* _AIM OF THE EXERCISE_
Each line starting at the one that contains "Platform Lace-Up Mid-Calf" and ending at the one that contains "Área de Lazer:- Paredes" must be returned exactly, and the rest of the listing is left out.

* _EXCERPTED RECORDS_
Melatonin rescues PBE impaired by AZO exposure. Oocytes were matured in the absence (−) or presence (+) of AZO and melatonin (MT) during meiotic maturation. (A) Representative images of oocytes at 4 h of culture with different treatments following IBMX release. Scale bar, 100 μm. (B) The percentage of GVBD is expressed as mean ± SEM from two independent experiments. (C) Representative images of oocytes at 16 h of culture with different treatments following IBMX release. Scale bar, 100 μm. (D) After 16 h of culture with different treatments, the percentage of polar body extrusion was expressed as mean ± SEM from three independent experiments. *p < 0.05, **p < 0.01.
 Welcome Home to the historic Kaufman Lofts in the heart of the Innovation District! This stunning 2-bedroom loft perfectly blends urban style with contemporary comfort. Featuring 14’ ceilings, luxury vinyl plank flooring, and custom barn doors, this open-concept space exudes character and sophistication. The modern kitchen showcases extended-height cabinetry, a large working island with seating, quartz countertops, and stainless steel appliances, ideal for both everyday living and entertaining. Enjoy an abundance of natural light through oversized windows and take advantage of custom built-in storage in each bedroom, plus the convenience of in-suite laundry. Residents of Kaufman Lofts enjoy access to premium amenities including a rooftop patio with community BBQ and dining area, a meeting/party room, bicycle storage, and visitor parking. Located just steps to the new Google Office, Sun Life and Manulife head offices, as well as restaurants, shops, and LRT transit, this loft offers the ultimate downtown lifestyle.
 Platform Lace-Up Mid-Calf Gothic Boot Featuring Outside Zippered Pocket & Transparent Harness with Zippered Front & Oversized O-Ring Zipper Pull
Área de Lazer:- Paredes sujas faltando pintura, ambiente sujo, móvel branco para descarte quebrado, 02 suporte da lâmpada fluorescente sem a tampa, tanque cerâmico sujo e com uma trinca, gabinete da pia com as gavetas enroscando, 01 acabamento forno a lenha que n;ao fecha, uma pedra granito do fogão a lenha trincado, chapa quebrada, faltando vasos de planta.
--
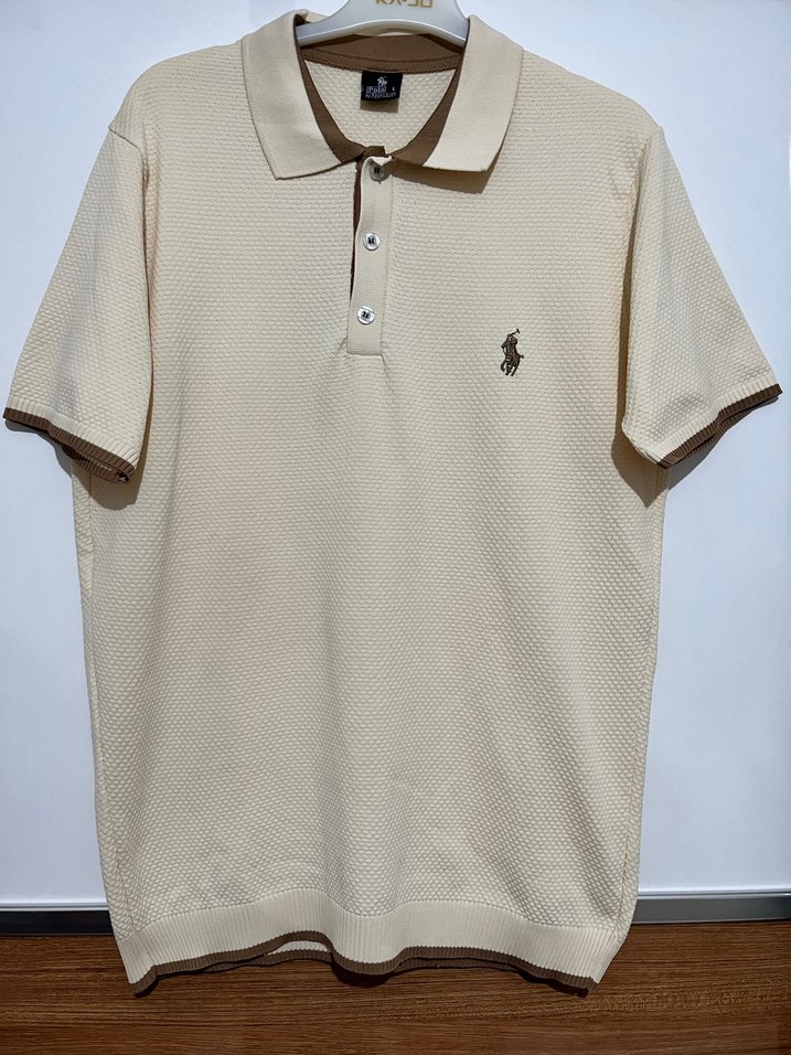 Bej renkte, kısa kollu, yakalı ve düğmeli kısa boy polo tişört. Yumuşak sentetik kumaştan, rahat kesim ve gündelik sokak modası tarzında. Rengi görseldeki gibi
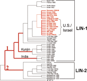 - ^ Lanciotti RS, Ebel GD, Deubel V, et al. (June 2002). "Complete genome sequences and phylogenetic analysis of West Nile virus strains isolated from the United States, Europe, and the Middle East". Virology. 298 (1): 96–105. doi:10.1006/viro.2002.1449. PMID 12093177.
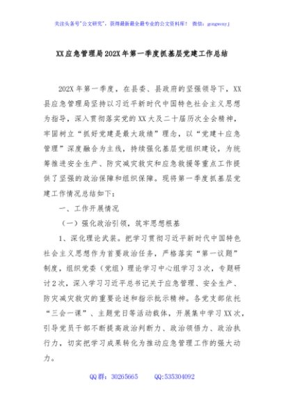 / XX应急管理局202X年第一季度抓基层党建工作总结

* _ANSWER SPACE_
 Platform Lace-Up Mid-Calf Gothic Boot Featuring Outside Zippered Pocket & Transparent Harness with Zippered Front & Oversized O-Ring Zipper Pull
Área de Lazer:- Paredes sujas faltando pintura, ambiente sujo, móvel branco para descarte quebrado, 02 suporte da lâmpada fluorescente sem a tampa, tanque cerâmico sujo e com uma trinca, gabinete da pia com as gavetas enroscando, 01 acabamento forno a lenha que n;ao fecha, uma pedra granito do fogão a lenha trincado, chapa quebrada, faltando vasos de planta.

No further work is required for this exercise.